- Born: 1906
- Died: 1988 (aged 81–82)
- Known for: Family planning in Egypt

= Zahia Marzouk =

Social worker and feminist

Zahia Marzouk (1906 – 1988) was an Egyptian social worker and feminist who founded Egypt's first family planning association.

==Biography==

Marzouk was born in 1906, one of three sisters. Her father died when she was three but her mother managed to get all three girls educated. In 1923 Marzouk stopped wearing her veil, following the example of Huda Sha'arawi. With some support from her uncle even if her family didn't understand, Marzouk began a teaching career. She was chosen to study in London. She returned to Egypt in 1931 where she received an appointment to a teachers' college where Marzouk taught psychology. 1933, she went to the United States to the Harvard Graduate School of Education where she focused on medical social work, psychology, and children with problems. During the two years of study in the US, Marzouk worked with underprivileged families in Missouri and the mountains of Kentucky. She returned to Egypt in 1935 where she began Egypt's social work schools. They were in Alexandria and in Cairo. These led direction to Egypt's Ministry of Social Affairs, began in 1938. Marzouk worked there as a psychiatric social worker, the only woman in the department.

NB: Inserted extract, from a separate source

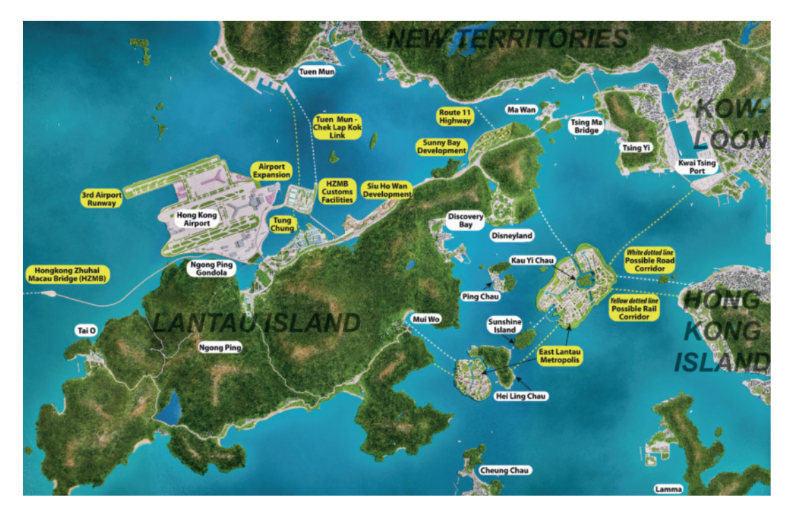
Figure 5: Annotated image from the Physical Model of Lantau Development Plan showing proposed future development plan of Lantau Island. Yellow labels denote future projects, whereas white labels are existing features.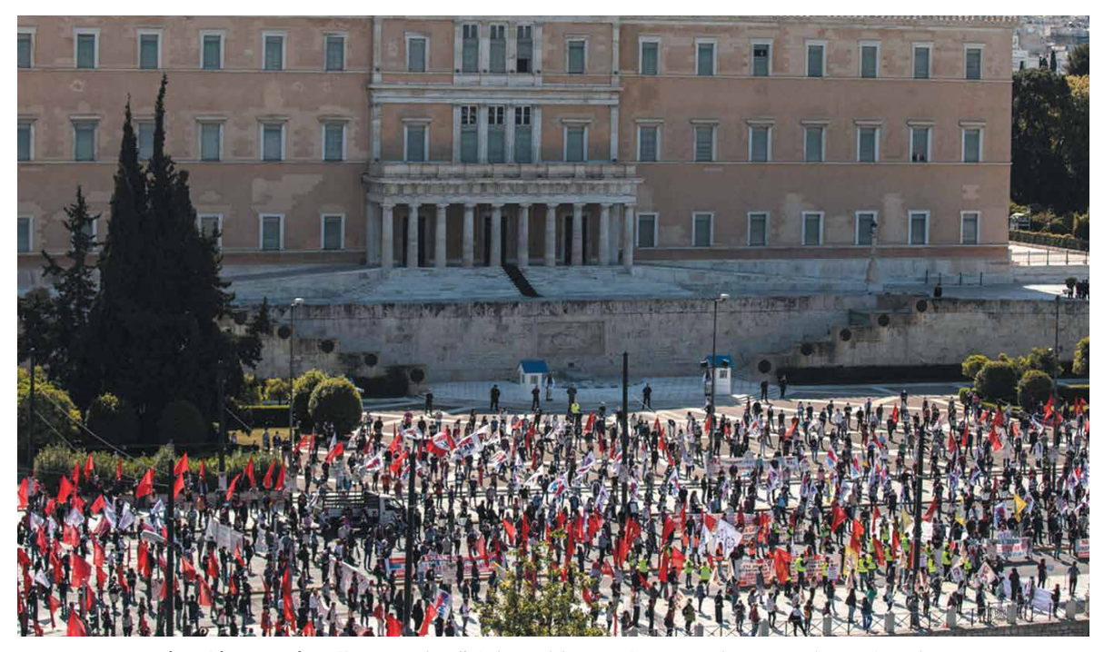
May Day was a signal internationally - carrying fighting spirit onto the streets in corona times - here in Greece

It is possible that a deep global political crisis such as has not been the case since the Second World War is imminent. In such a crisis, mass struggles and strikes will break out; there will be street battles and brutal police operations against the masses. In Latin America or Africa such a development is already in the making today. There, millions are starving; there is no

In 1937 Marzouk founded a small group to look at Egypt's demographic issues. The national population was growing. By the end of the year there was a formal conference which was sponsored by the Egyptian Medical Association. When Marzouk began to speak at the conference the audience who disapproved of her presence and involvement in such work threw tomatoes and eggs at her when she began. By the end of her talk she garnered applause.

Marzouk also founded an institution for children with a disability who needed physiotherapy. By the 1950s she had also created a number of institutions for the welfare of the family. Some of her institutions were the Regional Federation of Social Services, the Happy Childhood Association, the Institute for Training and Research in Family Planning and the Alexandria Family Planning Association.

Marzouk did not conform to local dress, she wore western style trousers and refused a veil. She was a skilled fund raiser and artist as well. She died in 1988.